PORT OF VANCOUVER GAINS SHARE FROM U.S. PORTS
In recent years, the Canadian port of Vancouver has made “serious gains in attracting business from U.S. ports,” a senior port executive at the Vancouver Port Authority said.
“Containers landed in Seattle, bound for Canada, used to be around 35 percent of the total,” said Gordon Houston, president and chief executive officer of the Vancouver Port Authority. “Now it’s around 6 percent as these containers come direct to Vancouver,” he added.
In the past two years, the port of Vancouver has climbed to the number one spot in the Pacific Northwest for the number of full foreign containers.

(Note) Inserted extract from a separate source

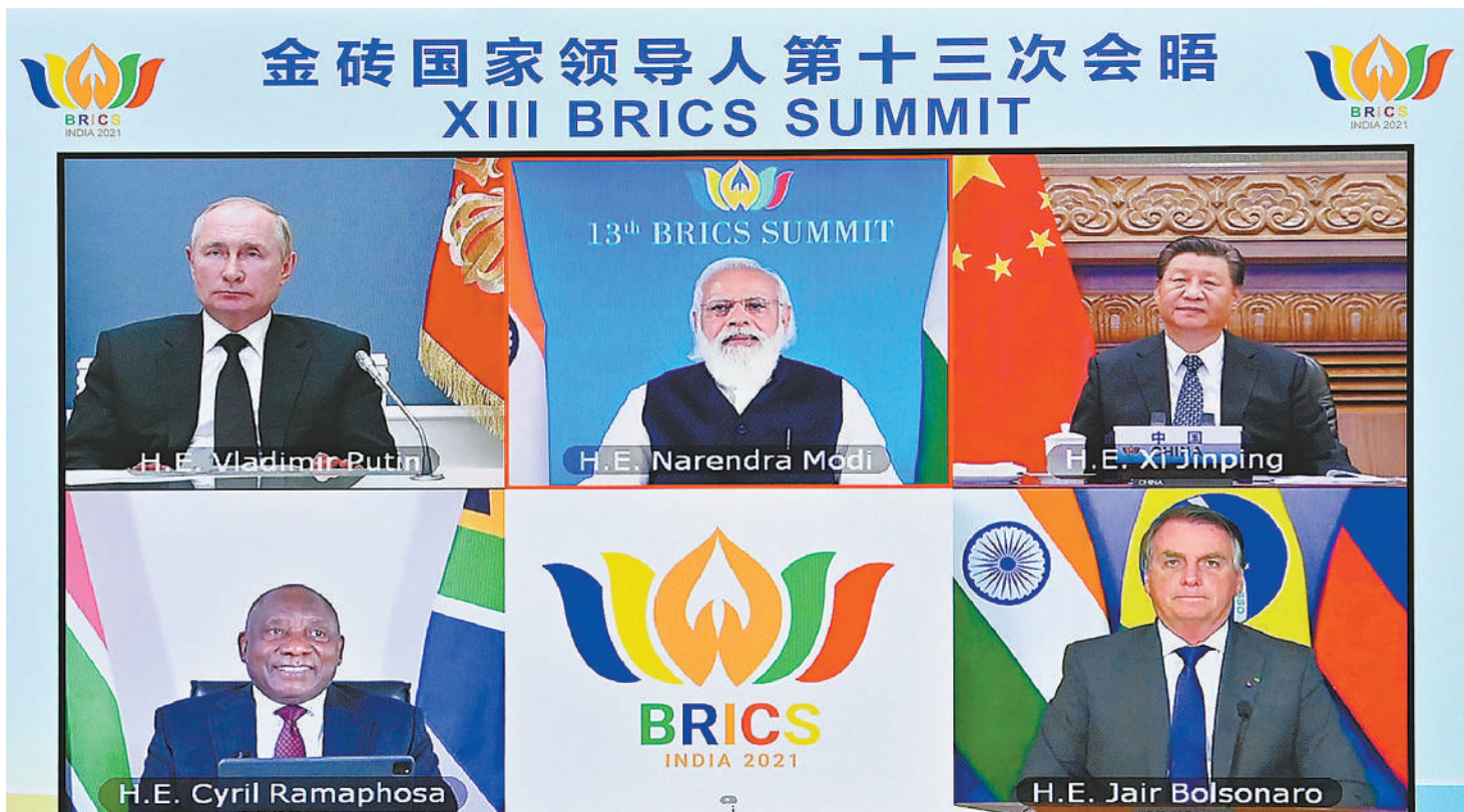
9月9日晚,金砖国家领导人第十三次会晤以视频方式举行。国家主席习近平在北京出席会晤并发表重要讲话。南非总统拉马福萨、巴西总统博索纳罗、俄罗斯总统普京出席,印度总理莫迪主持会议。

新华社北京9月9日电 金砖国家领导人第十三次会晤9日晚以视频方式举行。中国国家主席习近平、南非总统拉马福萨、巴西总统博索纳罗、俄罗斯总统普京出席,印度总理莫迪主持会议。 习近平指出,今年是金砖国家合作15周年。15年来,五国坚持开放包容、平等相待,增进战略沟通和政治互信,尊重彼此社会制度和发展道路,不断探索正确的国与国相处之道;坚持务实创新、合作共赢,对接发展政策,发挥互补优势,扎实推进各领域务实合作,在共同发展的道路上砥砺前行;坚持公平正义、立己达人,支持多边主义,参与全球治理,成为国际舞台上不可忽视的重要力量。今年以来,五国克服新冠肺炎疫情影响,推动金砖合作保持发展势头,在很多领域取得了新进展。事实证明,无论遇到什么困难,只要我们心往一处想、劲往一处使,金砖合作就能走稳走实走远。

This is ahead of Seattle, Tacoma and Portland, the port executive said.
“We now rank number three on the West Coast for full foreign containers, behind L.A. and Long Beach, California,” he added.

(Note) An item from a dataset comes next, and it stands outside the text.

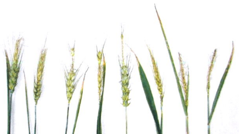
Obr. 5. – Poškozené klasy pšenice mrazem v době metání

V článku uvedená mrazová poškození ozimů v jarním období souvisí s pokročilým růstem a vývojem rostlin ozimů, často urychleným průběhem teplých zim. Předčasné výsevy obilnin mohou tento trend ve vývoji ještě více prohloubit, a proto by se pro ně měly vybírat především odrůdy, které jsou méně citlivé na délku dne a jsou pozdní.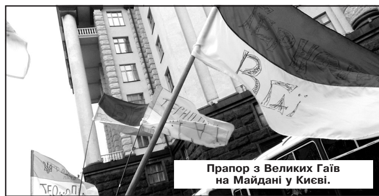
Прапор з Великих Гаїв на Майдані у Києві.

У це важко повірити, але прапор України — реліквія нашої сім'ї — повернувся... додому. У грудні наші сини поїхали на Євромайдан у Київ. Взяли з дому велике полотнище синьо-жовтого стягу. Коли через деякий час поверталися назад, прапор залишили на площі, щоб нагадував усім про село Великі Гаї. Ще й маркером зверху написали: "Тернопіль — Великі Гаї". Уявіть собі, вчора на в'їзді до села хтось встановив наш прапор у бардюрний виступ (його всі знають) посеред дороги. Можете уявити вираз обличчя молодшого сина, коли він там пройжджав і побачив сімейну реліквію, яка майорить на вітрі! Адже відтоді минуло трохи часу... Полотнище ще й досі пахне димом. Але яка це для нас тепер дорога святина. Після Великого Українського Жалю за полеглими було таке відчуття, що додому повернулася рідна дитина. Слава Україні! Героям слава!

The number of foreign containers handled by the port of Vancouver increased from about 617,000 TEUs in 1996 to 1.16 million TEUs in 2001.
Houston said that the port of Vancouver has solved the problem of truck congestion.
“Almost three years ago there was a trucking dispute at the port, which centered on long line-ups at container terminals,” he said. “At peak times, the line-ups lasted three hours, creating a frustrating and unacceptable situation to drivers, terminals and our customers.”
But the port has worked with terminal operators and other stakeholders to implement a web-based appointment system, he said.
“Today, the system is fully utilized with waiting times ranging from zero to 20 minutes on average,” Houston report. “Customers of ports in the U.S. are now demanding similar systems to reduce their delays.”
The port executive made statements about the progress of the Canadian Pacific Northwest port in Vancouver, while U.S. shippers and shipping lines are known to be weighing their options about re-routing transpacific cargoes in the run-up to an expected labor dispute between the port employers and the International Longshore and Warehouse Union this summer.
The port executive said that the port of Vancouver will now work on “proximity cards” for cargo information, gate clearances, and port access. “In four years we expect to have eliminated much of the paper flow that surrounds these movements,” he said.